Photo : Elizabeth Sisson/Amazon Prime Vidéo

La zone crépusculaireprojettera toujours une longue ombre. Les brillants contes moraux de Rod Serling qui définissent le genre sont devenus le porte-drapeau de toutes les séries d'anthologies de science-fiction pour une bonne raison. La vérité est que peu d’anthologies ont tenté quelque chose de similaire, et encore moins s’en sont rapprochées, mais avec la récente popularité deMiroir noir,nous sommes à l’aube d’une renaissance des anthologies de science-fiction. La dernière entrée : celle d'AmazonLes rêves électriques de Philip K. Dick, qui a tellement misé sur l'influence de l'auteur que son nom figure directement dans le titre. La série a certainement le bon pedigree, triplant avec les producteurs haut de gamme Ronald D. Moore et Bryan Cranston qui entrent dans le mix, mais comment ça se passe ? Eh bien, si le premier épisode est révélateur du ton de la série, il s'avère que « rêves » est un nom bien choisi.

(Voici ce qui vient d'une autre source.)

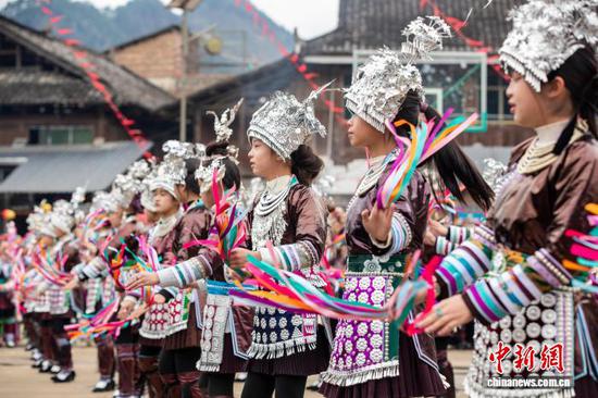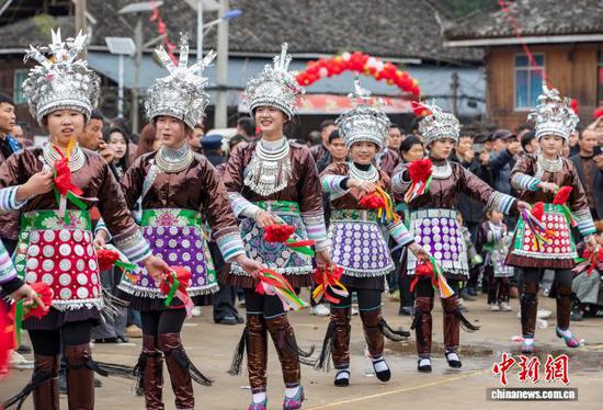 2月19日,贵州省黔东南苗族侗族自治州从江县刚边壮族乡银平村热闹非凡,村民们身着民族盛装,欢聚一堂,以吹奏芦笙、跳芦笙舞等传统习俗,欢庆新春。图为壮族群众盛装巡游。罗京来 摄

Dans le premier épisode, « Real World », les choses commencent assez bien. Nous rencontrons notre future héroïne policière coriace en la personne de Sarah (Anna Paquin), qui est profondément hantée par un événement au cours duquel un groupe de ses collègues policiers ont été abattus dans une brume de sang. Elle est distraite, renfermée et rejoue sans cesse l'événement dans son esprit. Il s’agit bien sûr d’un traumatisme. Mais les choses changent lorsque la petite amie de Sarah, Katie (Rachelle Lefevre), lui propose « des vacances » sous la forme d'une puce informatique très pratique qui lui permettrait de découvrir la vie d'une toute nouvelle personne. Une personne qui est censée répondre à tous ses désirs les plus intimes et qui réalisera ses fantasmes.

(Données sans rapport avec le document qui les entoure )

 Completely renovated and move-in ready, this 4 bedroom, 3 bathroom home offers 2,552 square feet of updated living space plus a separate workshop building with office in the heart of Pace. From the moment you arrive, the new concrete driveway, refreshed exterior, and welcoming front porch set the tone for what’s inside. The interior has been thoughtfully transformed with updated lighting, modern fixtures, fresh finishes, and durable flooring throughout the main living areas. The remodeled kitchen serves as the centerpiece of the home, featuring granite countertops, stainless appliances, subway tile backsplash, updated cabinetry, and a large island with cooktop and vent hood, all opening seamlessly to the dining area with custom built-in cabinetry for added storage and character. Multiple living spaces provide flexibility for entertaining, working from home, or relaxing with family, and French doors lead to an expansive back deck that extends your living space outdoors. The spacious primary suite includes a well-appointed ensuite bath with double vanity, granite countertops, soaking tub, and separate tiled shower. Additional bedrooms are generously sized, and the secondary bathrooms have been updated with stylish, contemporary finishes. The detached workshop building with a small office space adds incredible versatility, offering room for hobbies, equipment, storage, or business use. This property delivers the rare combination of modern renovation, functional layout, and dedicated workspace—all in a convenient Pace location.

Sarah se retrouve rapidement dans la vie de George (Terrence Howard), un PDG qui passe ses nuits en mission de vengeance alors qu'il traque le meurtrier de sa femme. Il devient immédiatement clair qu'il s'agit d'un fantasme de pouvoir, d'une manière d'obtenir une sorte de vengeance impossible dans la vraie vie. (La représentation est même accompagnée de jolis commentaires texturaux sur la nature indulgente des tropes d'action.) Mais lorsque Sarah se rend compte que le meurtrier de la femme de George est la même personne qui a commis l'attaque contre elle et ses compatriotes, elle est presque projetée au sol. avec émotion. Complètement déclenchée, elle nous dit en tant que George : « J'ai l'impression d'avoir envie de pleurer. »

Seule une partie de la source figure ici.